[Opening INFORMATION PROVIDED section]
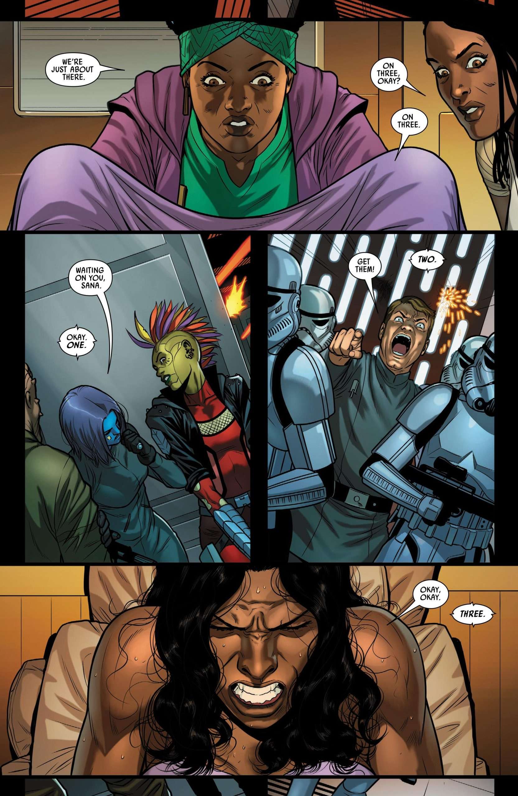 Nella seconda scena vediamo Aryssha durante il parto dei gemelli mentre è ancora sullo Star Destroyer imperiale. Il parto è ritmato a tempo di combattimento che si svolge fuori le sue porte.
[Closing INFORMATION PROVIDED section]
[Opening INFORMATION PROVIDED section]
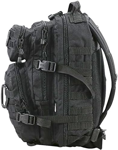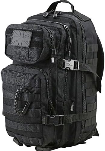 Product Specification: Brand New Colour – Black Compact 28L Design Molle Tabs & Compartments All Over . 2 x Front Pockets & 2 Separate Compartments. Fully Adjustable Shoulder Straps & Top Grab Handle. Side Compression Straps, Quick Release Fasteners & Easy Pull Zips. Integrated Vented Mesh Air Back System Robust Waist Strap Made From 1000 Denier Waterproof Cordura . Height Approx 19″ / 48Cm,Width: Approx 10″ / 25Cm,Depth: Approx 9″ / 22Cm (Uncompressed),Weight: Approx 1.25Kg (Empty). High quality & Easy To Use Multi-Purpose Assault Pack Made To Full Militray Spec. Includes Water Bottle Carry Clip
[Closing INFORMATION PROVIDED section]
[Opening INFORMATION PROVIDED section]
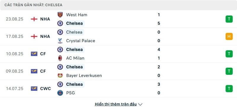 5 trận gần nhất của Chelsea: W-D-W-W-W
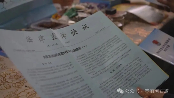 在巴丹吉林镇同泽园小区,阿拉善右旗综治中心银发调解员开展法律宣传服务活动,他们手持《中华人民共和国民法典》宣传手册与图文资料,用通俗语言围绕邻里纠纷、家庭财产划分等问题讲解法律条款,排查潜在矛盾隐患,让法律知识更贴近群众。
[Closing INFORMATION PROVIDED section]
**WHAT IS EXPECTED:**
A word-for-word reproduction is needed of the lines above from the line containing "5 trận gần nhất của Chelsea: W-D-W-W-W" through the line containing "在巴丹吉林镇同泽园小区,阿拉", with both ends kept and no pictures.

**EXERCISE ANSWER:**
 5 trận gần nhất của Chelsea: W-D-W-W-W
 在巴丹吉林镇同泽园小区,阿拉善右旗综治中心银发调解员开展法律宣传服务活动,他们手持《中华人民共和国民法典》宣传手册与图文资料,用通俗语言围绕邻里纠纷、家庭财产划分等问题讲解法律条款,排查潜在矛盾隐患,让法律知识更贴近群众。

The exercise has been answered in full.